Excellent, well detailed discussion points, thank you!

Architectural Design Considerations

One thing we have to be very considerate of is the effect / implications of any feature on blockchain state and any potential of future mutability. Blockchain by its nature is immutable, or at least constrained to monotonic state updates, thus any on-chain feature needs to benefit from this attribute or have it as a requirement. Any features that do not are probably better implemented off-chain as a support / auxiliary service... however, these services / features may be another application specific blockchain.

For example, a search feature requires indexing to make search more efficient. Indexing, especially when combined with tags / ratings, are by its nature dynamic. This translates to inefficiency when expressed in on-chain state due to the high mutability of the data and would thus be better to implement as an off-chain service from an architectural perspective.

However, a full blown rating or reputation system is useful across many different scenarios and may possibly present an opportunity for an application specific blockchain, or smart contract complex, that is solely focused on this. Utilizing the protocol it can be coupled to numerous services (both contracts and even other chains) that require a censorship-resistant, verifiable, and pseudonymous rating and reputation system. But, it will come with some serious challenges of its own... scalability springs to mind!

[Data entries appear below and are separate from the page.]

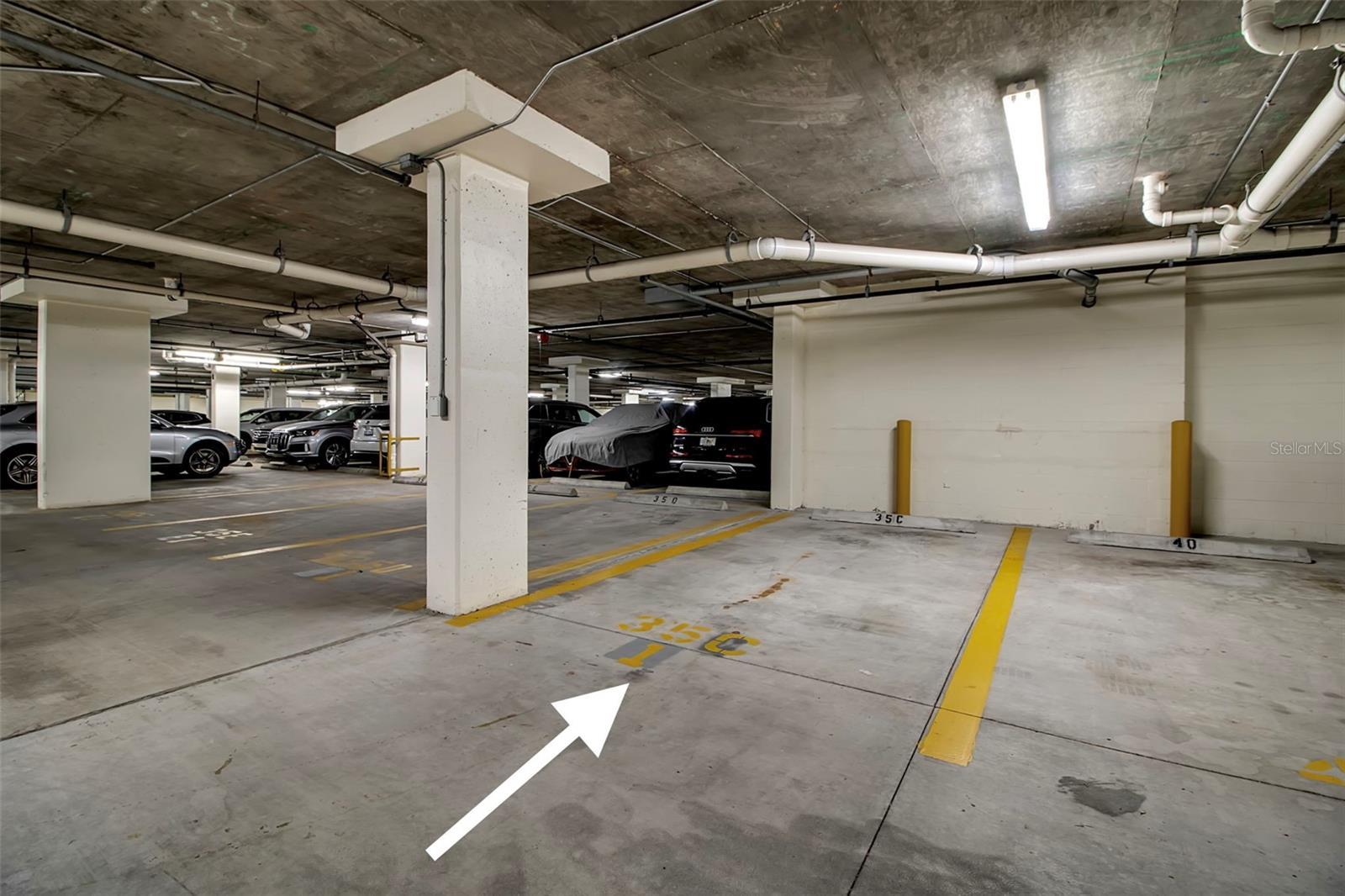 - Assigned, Common, Covered, Deeded, Garage Door Opener, Ground Level, Guest, Open, Portico, Basement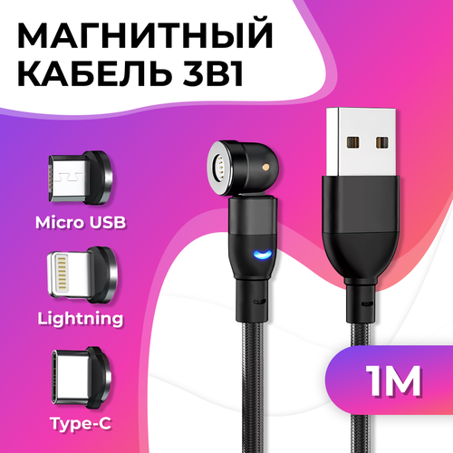НАЙТИ ВЫГОДНЕЕ - Магнитный поворотный кабель 3 в 1 Micro, Type-C, Lightning / Провод с коннекторами на iPhone, Samsung, Android / 1 метра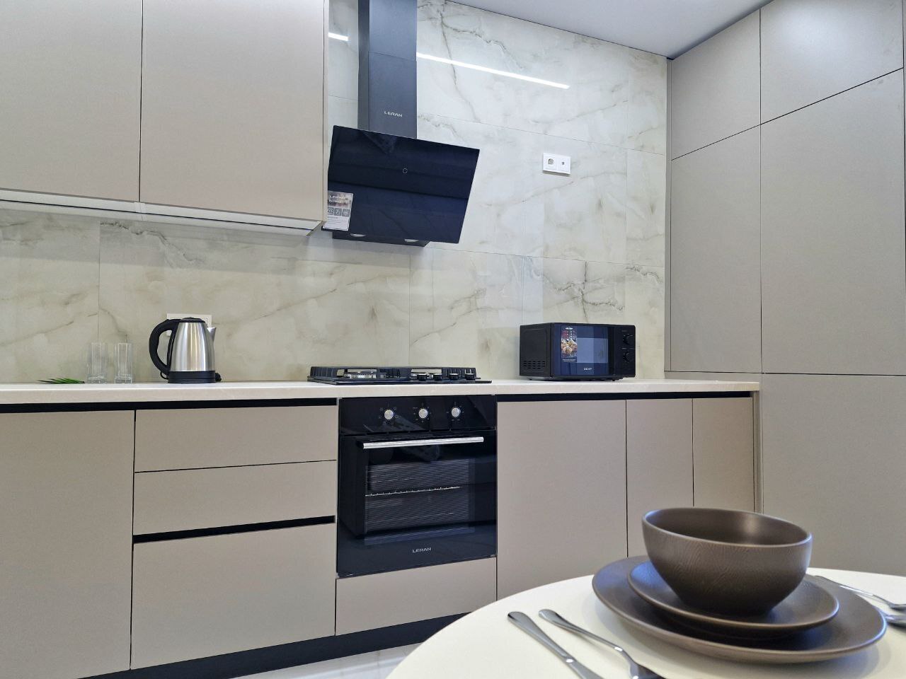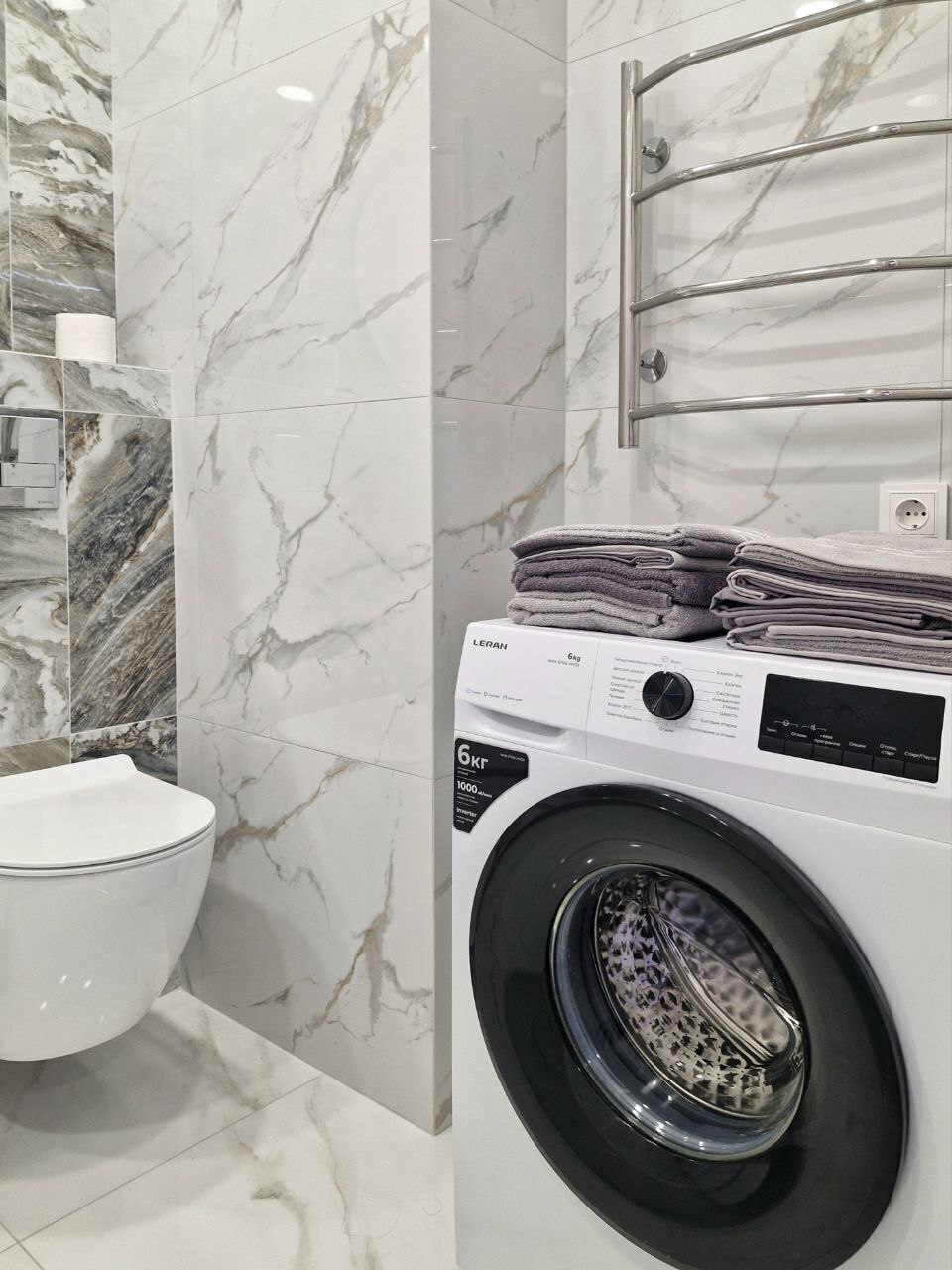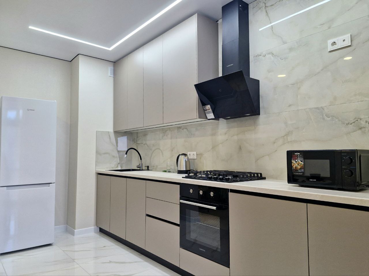 - Стиральная машина, микроволновая печь, утюг, чайник, ТВ + Wi-Fi, холодильник.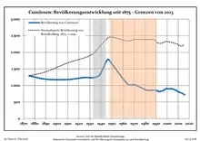 Динаміка населення з 1875 року в сучасних кордонах (Синя лінія: населення; Пунктир: відносна порівняльна динаміка населення землі Бранденбург; Сірий фон: період Третього рейху; Помаранчевий фон: період НДР)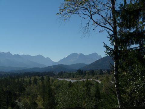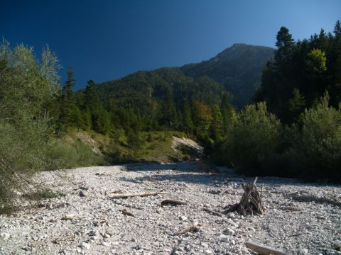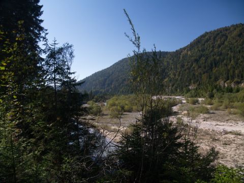 Nachdem wir uns auf der Fischbachalm gestärkt und das schöne Panorama (Pleisenspitze, Estergebirge) genossen haben, beginnt unser langer Downhill. Direkt ab der Hütte führt uns die bequeme Schotterpiste schnell in Richtung Krün. Nach knapp sechs Kilometern, kurz bevor wir das Tal erreichen, verlassen wir bei einer Wegegabelung auf 880 m den Hauptweg und biegen rechts in Richtung Auhütte ab (Schild). Diese erreichen wir nach einer guten Viertelstunde auf breiter Forststraße ohne großen Höhenunterschied. Die Hütte lädt zu einer letzten Kaffeepause ein, anschließend fahren wir hinter der Hütte weiter über den Markgraben Richtung Vorderriß. Wer jedoch meint, nun genüsslich entlang der Isar bis zum Parkplatz zu rollen, hat sich getäuscht: Mehrere Zwischenanstiege liegen noch vor uns, wobei der erste der größte ist. Dafür entschädigt aber die idyllische Kies- und Sandlandschaft, da die Isar sich nach jedem Hochwasser selbst überlassen blieb und ihr Lauf von Menschenhand nie begradigt wurde. Nach einer letzten, kurzen Abfahrt erreichen wir schließlich die Gabelung, bei welcher wir zu Beginn unserer Tour links in den Soiernweg eingebogen waren. Ab hier gelangen wir über die hölzerne Isarbrücke nach wenigen Minuten zurück zu unserem Ausgangspunkt.
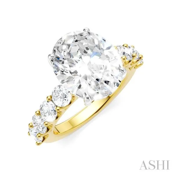 (256) 764-40131 1/3 Ctw Oval Shape Round Cut Diamond Semi-Mount Engagement Ring in 14K Yellow and White Gold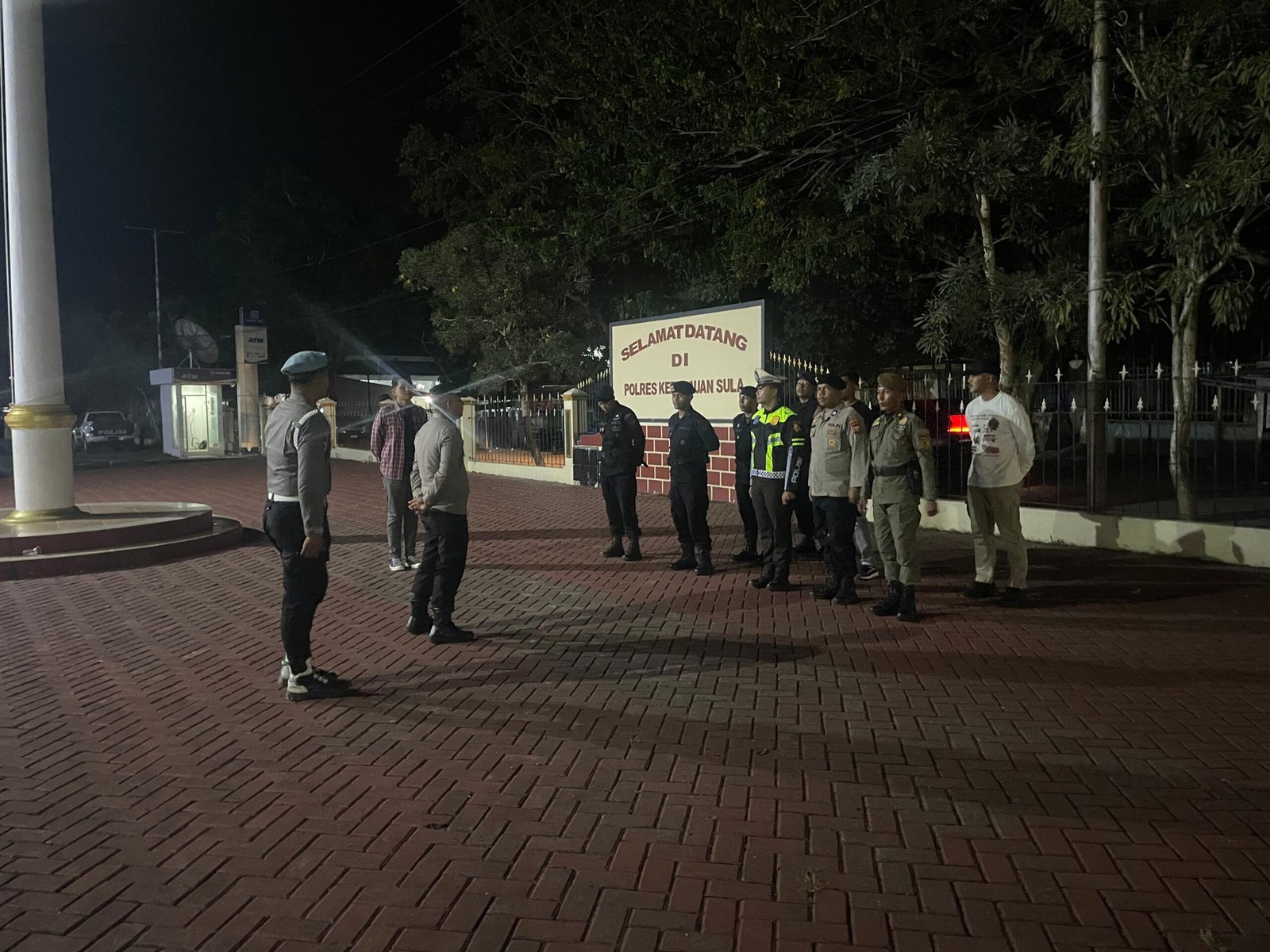 Humas Polres Sula – Dalam rangka menjaga situasi keamanan dan ketertiban masyarakat (Kamtibmas) agar tetap aman dan kondusif, Kepolisian Resor (Polres) Kepulauan Sula melaksanakan patroli gabungan bersama personel dari berbagai satuan fungsi dan instansi terkait, pada Sabtu malam (1/11).
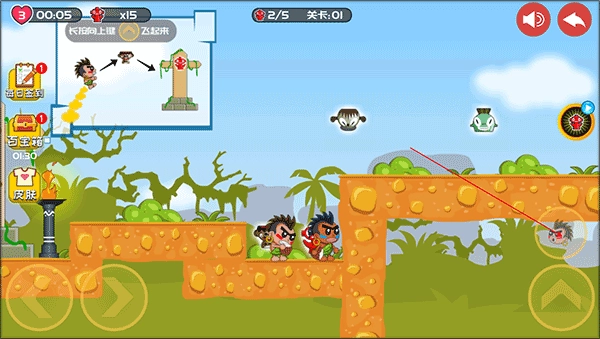 然后一个人吃掉右侧的宝物,接着走到按钮一样的开关上面。这个时候上面的机关会打开,另一个没有宝物的人放屁飞上去取走宝物。注意左侧还有一个宝物,待会儿还要取走。回来的路上不要心急,不然碰到野猪那就不好了。可以直接从右侧放屁飞到左侧,为了保险最好等野猪往右侧走的时候往左侧飞。

Separate Necessary- from Convenience Features

A great exercise in this regard is to identify each feature as necessary or convenient. A simple way to distinguish this is to simply ask what it would take to achieve the desired outcome. For example, enhanced searching only requires additional indexing to be built or provided across already existing data, thus it can be classified as a convenience feature. Conversely, you may find that a specific convenience feature needs some additional state or metadata, which in turn makes this data a requirement. At this point, examine if it can be separated into distinct necessary and convenience features.

Opportunity: From a Business Perspective

Remember that services constitutes tertiary economic activity. Thus, if a specific convenience service could be of value to a larger number of users / developers within the ecosystem, it may well present an opportunity to build such a service for benefit, just as plumbers and electricians provide services to maintain and improve infrastructure.

This is exactly the reason why Archway provides rewards mechanisms to ensure that any such services, deployed as contracts, have the opportunity to benefit both creator / maintainer, as well as the larger Archway ecosystem.

Conclusion

Hopefully the above provides some additional pointers and insights to help inspire, as well as shape thoughts and designs from an architectural perspective.